With the pictures left out, retype exactly the lines below starting at the line that contains "export ANDROID_HOME=/home/kemi/android-sdk-linux export" and ending at the line that contains "從表中給出的以標準周期PWM".

## INFORMATION GIVEN
▬▬▬▬▬▬

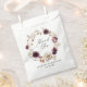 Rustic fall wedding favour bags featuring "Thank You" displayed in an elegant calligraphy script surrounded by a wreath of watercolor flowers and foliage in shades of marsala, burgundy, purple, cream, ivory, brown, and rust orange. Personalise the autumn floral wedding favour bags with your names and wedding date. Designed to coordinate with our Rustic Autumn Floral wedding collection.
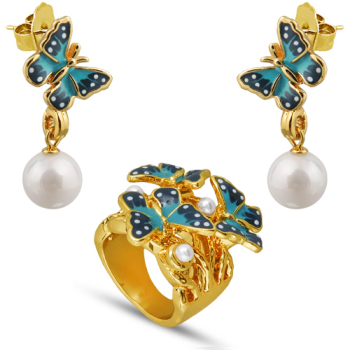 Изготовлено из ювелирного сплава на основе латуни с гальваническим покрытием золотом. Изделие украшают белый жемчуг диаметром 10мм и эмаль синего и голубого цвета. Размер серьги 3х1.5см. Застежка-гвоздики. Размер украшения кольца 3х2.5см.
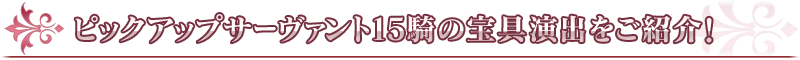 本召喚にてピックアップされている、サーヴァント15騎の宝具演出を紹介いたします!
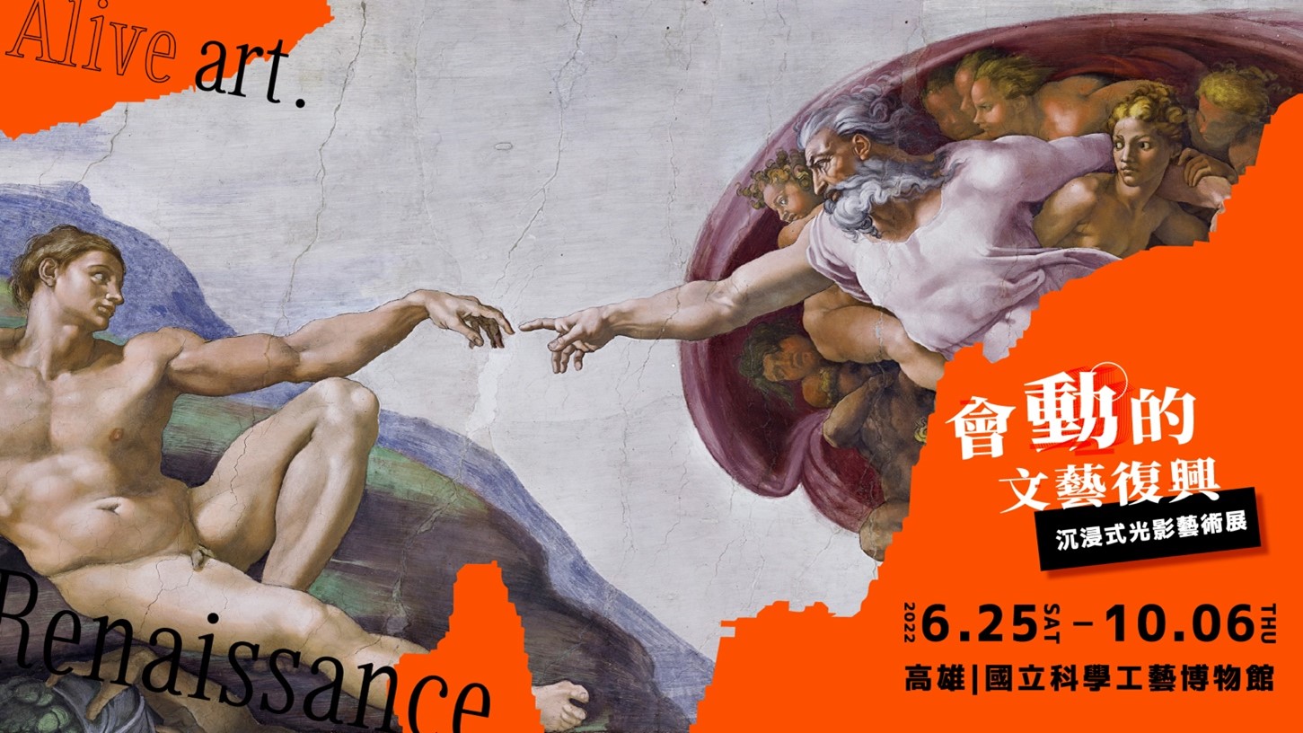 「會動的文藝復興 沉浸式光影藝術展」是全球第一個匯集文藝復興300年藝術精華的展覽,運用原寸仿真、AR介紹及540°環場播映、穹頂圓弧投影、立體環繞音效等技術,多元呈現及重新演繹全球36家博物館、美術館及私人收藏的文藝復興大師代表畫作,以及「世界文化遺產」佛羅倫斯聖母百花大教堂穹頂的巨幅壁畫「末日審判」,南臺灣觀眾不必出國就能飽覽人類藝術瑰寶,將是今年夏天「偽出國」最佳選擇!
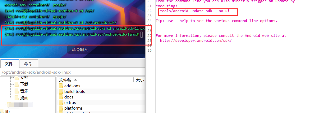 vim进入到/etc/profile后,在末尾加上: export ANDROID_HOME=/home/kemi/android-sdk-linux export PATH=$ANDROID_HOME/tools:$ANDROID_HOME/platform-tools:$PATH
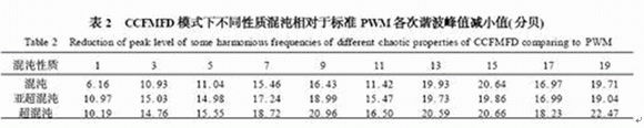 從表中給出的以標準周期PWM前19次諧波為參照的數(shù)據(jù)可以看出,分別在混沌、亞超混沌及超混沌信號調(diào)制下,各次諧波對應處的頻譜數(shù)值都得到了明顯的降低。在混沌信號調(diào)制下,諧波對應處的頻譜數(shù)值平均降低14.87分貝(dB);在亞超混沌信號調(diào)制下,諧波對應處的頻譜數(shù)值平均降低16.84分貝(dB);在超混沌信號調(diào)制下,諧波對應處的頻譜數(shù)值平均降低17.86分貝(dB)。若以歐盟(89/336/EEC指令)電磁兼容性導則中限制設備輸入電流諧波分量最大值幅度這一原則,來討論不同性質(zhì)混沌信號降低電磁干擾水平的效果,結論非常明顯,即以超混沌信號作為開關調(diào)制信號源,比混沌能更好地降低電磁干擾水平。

▬▬▬▬▬▬

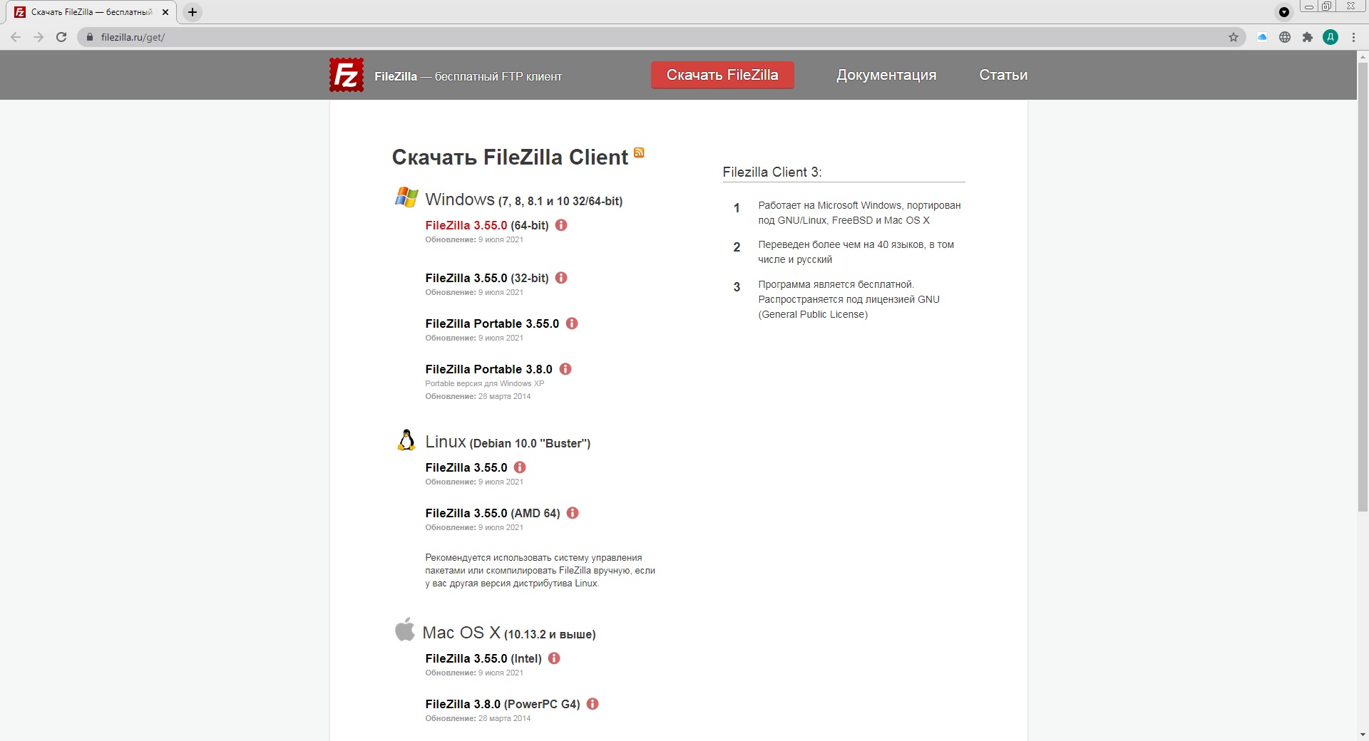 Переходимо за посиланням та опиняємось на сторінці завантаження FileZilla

▬▬▬▬▬▬

## FINAL ANSWER
 vim进入到/etc/profile后,在末尾加上: export ANDROID_HOME=/home/kemi/android-sdk-linux export PATH=$ANDROID_HOME/tools:$ANDROID_HOME/platform-tools:$PATH
 從表中給出的以標準周期PWM前19次諧波為參照的數(shù)據(jù)可以看出,分別在混沌、亞超混沌及超混沌信號調(diào)制下,各次諧波對應處的頻譜數(shù)值都得到了明顯的降低。在混沌信號調(diào)制下,諧波對應處的頻譜數(shù)值平均降低14.87分貝(dB);在亞超混沌信號調(diào)制下,諧波對應處的頻譜數(shù)值平均降低16.84分貝(dB);在超混沌信號調(diào)制下,諧波對應處的頻譜數(shù)值平均降低17.86分貝(dB)。若以歐盟(89/336/EEC指令)電磁兼容性導則中限制設備輸入電流諧波分量最大值幅度這一原則,來討論不同性質(zhì)混沌信號降低電磁干擾水平的效果,結論非常明顯,即以超混沌信號作為開關調(diào)制信號源,比混沌能更好地降低電磁干擾水平。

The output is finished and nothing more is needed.